[Opening Source material section]

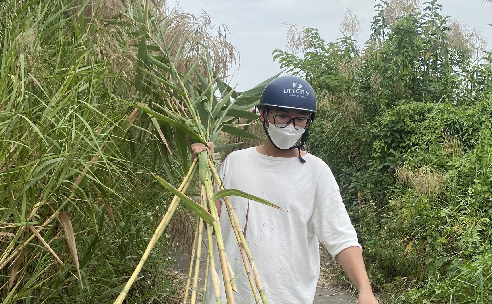Sau khi thu gom được cây cỏ sậy cả nhóm đã tiến hành khâu xử lý và vệ sinh. Cây cỏ sậy sau khi bỏ lá sẽ được chia thành từng đoạn, các ống cong được loại bỏ, chỉ giữ lại những ống thẳng.
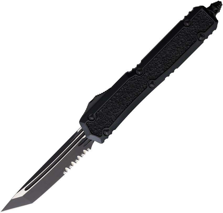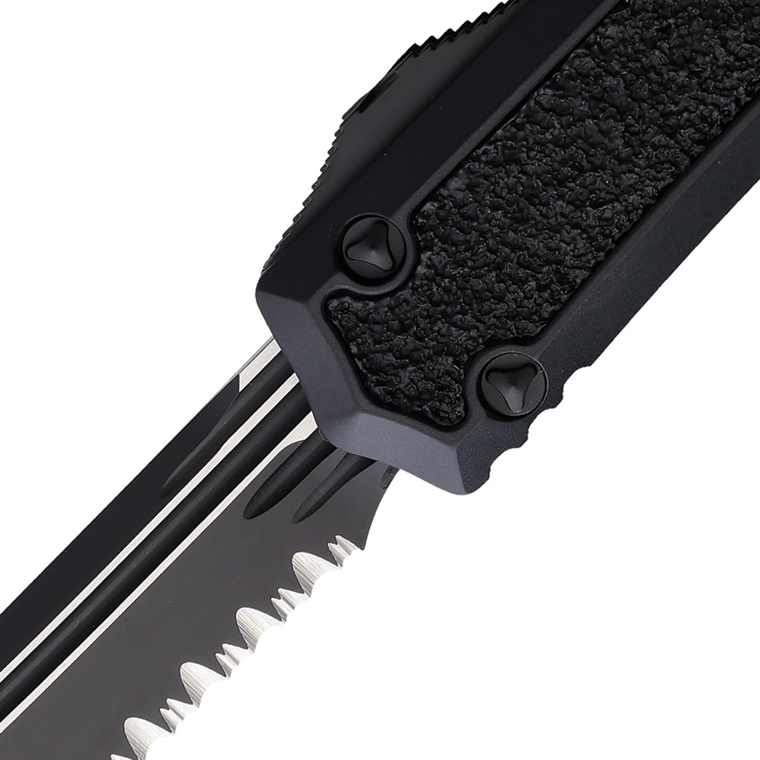 Automatic opening. 5.13″” (13.03cm) closed. 3.38″” (8.59cm) two-tone finish partially serrated stainless tanto blade. Black aluminum handle. Glass breaker. Lanyard hole. Pocket clip. Nickel Boron internals. Boxed.
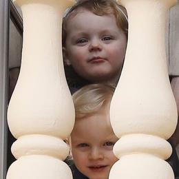 Nés le 10 décembre 2014, Jacques et Gabriella de Monaco se font face sur le balcon du palais princier, lors de leur première apparition publique. (Le 7 janvier 2015.)
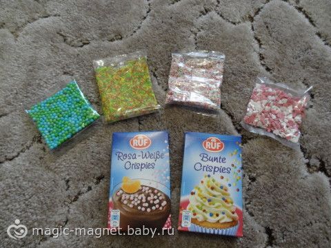 Но все таки больше ей понравились посыпки. Они действительно выглядят как конфетки:-))) Еле отняла:-)))
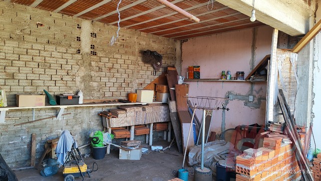 Casa com 02 quartos, sendo 01 suíte com banheiro azulejado, sala, 02 cozinhas azulejadas, banheiro social azulejado e garagem coberta + edicula inacabada.
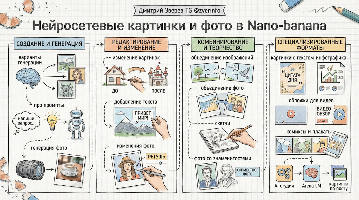 Редактирование и улучшение картинок и фото, объединение картинок и фото, дорисовка сторон. Генерация новых картинок и фото по промпту и по референсу, инфографика, обложки, комиксы и постеры, скетчи и т.д.
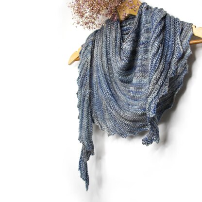 An asymmetrical shawl with stocking stitch ridges echoing sand ripples created by lapping water.
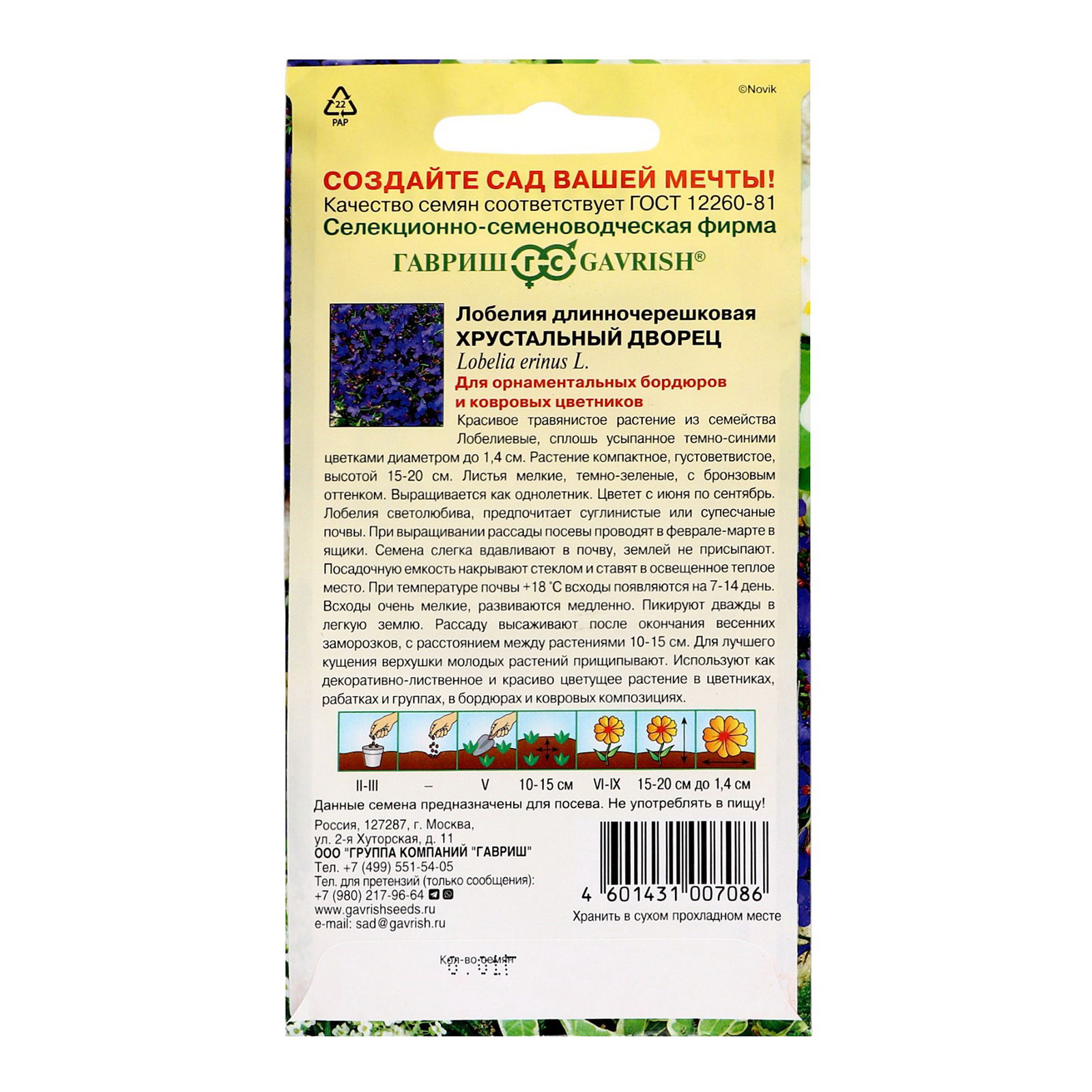 Семена цветов Лобелия "Хрустальный дворец", ц/п, 0.01 г, Гавриш, Россия

[Closing Source material section]

What is needed: Write out each entry word for word, images excluded.

Exercise response:
Sau khi thu gom được cây cỏ sậy cả nhóm đã tiến hành khâu xử lý và vệ sinh. Cây cỏ sậy sau khi bỏ lá sẽ được chia thành từng đoạn, các ống cong được loại bỏ, chỉ giữ lại những ống thẳng.
 Automatic opening. 5.13″” (13.03cm) closed. 3.38″” (8.59cm) two-tone finish partially serrated stainless tanto blade. Black aluminum handle. Glass breaker. Lanyard hole. Pocket clip. Nickel Boron internals. Boxed.
 Nés le 10 décembre 2014, Jacques et Gabriella de Monaco se font face sur le balcon du palais princier, lors de leur première apparition publique. (Le 7 janvier 2015.)
 Но все таки больше ей понравились посыпки. Они действительно выглядят как конфетки:-))) Еле отняла:-)))
 Casa com 02 quartos, sendo 01 suíte com banheiro azulejado, sala, 02 cozinhas azulejadas, banheiro social azulejado e garagem coberta + edicula inacabada.
 Редактирование и улучшение картинок и фото, объединение картинок и фото, дорисовка сторон. Генерация новых картинок и фото по промпту и по референсу, инфографика, обложки, комиксы и постеры, скетчи и т.д.
 An asymmetrical shawl with stocking stitch ridges echoing sand ripples created by lapping water.
 Семена цветов Лобелия "Хрустальный дворец", ц/п, 0.01 г, Гавриш, Россия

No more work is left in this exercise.